The contested trade mark, Sartori Asiago, was filed on March 13, 2015 by Wisconsin-based cheese maker Sartori Company and later challenged by Consorzio Per La Tutela Del Formaggio Asiago (Consortium of the Protection of Asiago Cheese), an Italian association of cheese producers that provides quality control and licensing for Asiago cheese companies and that owns two Australian trade marks for “Asiago”.
The consortium argued that Sartori’s proposal to use “Asiago” for cheese manufactured in Wisconsin would violate the “Asiago” mark’s prior reputation throughout the world as a “badge of origin” for cheese produced in the Asiago region of Italy.
But delegate Debrett Lyons said that in assessing whether a mark was likely to deceive or cause confusion, what mattered was the reputation of the mark in the mind of the public.
Ordinary cheese-buying Australians would not regard Asiago as different from any other kind of cheese and would think of “Asiago” as a descriptive term, she said.
“Even if the evidence of the amount of ‘Asiago’ style cheese imported into Australia was a measure of the likely awareness of ordinary cheese buying Australians of the ‘Asiago’ name, it is not evidence that those people understood the term in any way differently from that of other Italian cheese styles,” the delegate said.
“In my assessment there is no cogent evidence of the Opponent or its members having educated the Australian public to expect that cheese bearing the name ‘Asiago’ come only from the Asiago Region. It follows that there is no relevant reputation in any of the Opponent’s marks such that use of the Trade Mark is likely to deceive or cause confusion,” Lyons said.
She also shot down the consortium’s argument that use of the mark would mislead consumers into believing the cheese originated from Italy or was of a certain quality, in violation of the Australian Consumer Law, and that the mark connotes that the cheese was produced in the Asiago region with the approval of the consortium.
“The goods are ‘Asiago-style cheese’ and that is the end of the matter,” the delegate said.
The delegate also shot down the opposition to the mark based on Section 61(1)(a) of the Trade Mark Act, under which a trade mark can be opposed if it’s a mark of geographical indication for a region in a country that’s different from the country where the goods were produced.

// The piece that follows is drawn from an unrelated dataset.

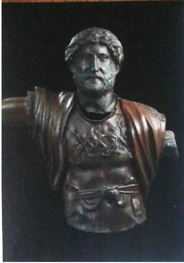
Fotoğraf 4: Kudüs'ü yeniden imar eden ve ismini veren İmparator Hadrian (AeliaCapitlia). (Montefiore, Kudüs Bir Şehrin Biyografisi , s.176-177).
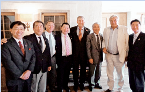
▲記念式典にて、ミュンヘン市議会議員とともに

She noted that while companies established after the Trade Marks Act came into effect on 1 January 1996 could not use place names if the goods were not produced within that specific region, older firms were exempt.
Lyons found that Sartori had used the Asiago term since the 1950s and fell into this exemption despite never having used the term within Australia. This was not a condition of the exemption, she said, with the Trade Marks Act deliberately leaving out mention of use within Australia.

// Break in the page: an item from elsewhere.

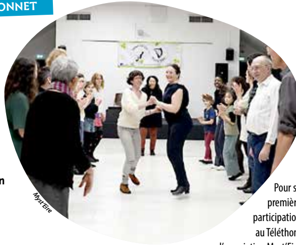
Pour sa première participation au Téléthon, l'association Myst'Eire avait organisé une Celtic party très appréciée, reconduite cette année.

Quelques jours plus tôt que d'habitude, en raison de l'inauguration de la cathédrale Notre-Dame à Paris programmée le samedi 7 décembre, le Téléthon appellera à la mobilisation en faveur de la recherche contre les maladies génétiques, les vendredi 29 et samedi 30 novembre prochain. Si le village se tiendra bien à la fin du mois à Cholet, les animations commencent plus tôt encore ! Avec l'espoir de récolter autant de fonds que l'an passé. Meilleure contributrice du département en 2023, l'association Vive la vie, qui porte le combat localement, avait réversé la somme record de 63 777 € à l'AFM-Téléthon, permettant de financer, à son échelle, les recherches médicales.

“[There] is no reason to suppose that the omission of the words ‘in Australia’ from the terms of s 61(2)(c) [of the Trade Mark Act] was inadvertent, or that it is necessary to read those words into the legislation in order to give effect to the purposes of the legislation. On the contrary, the better view is that Parliament consciously turned its mind to the application of the provision and deliberately chose not to confine the requisite use.”
The Consortium was represented by Lynne Lewis, a solicitor with Bird & Bird. Sartori was represented by Stephen Rebikoff of Douglas Menzies Chambers who was instructed by Davies Collision Cave.
The case is Consorzio Per La Tutela Del Formaggio Asiago v Sartori Company  ATMO 64.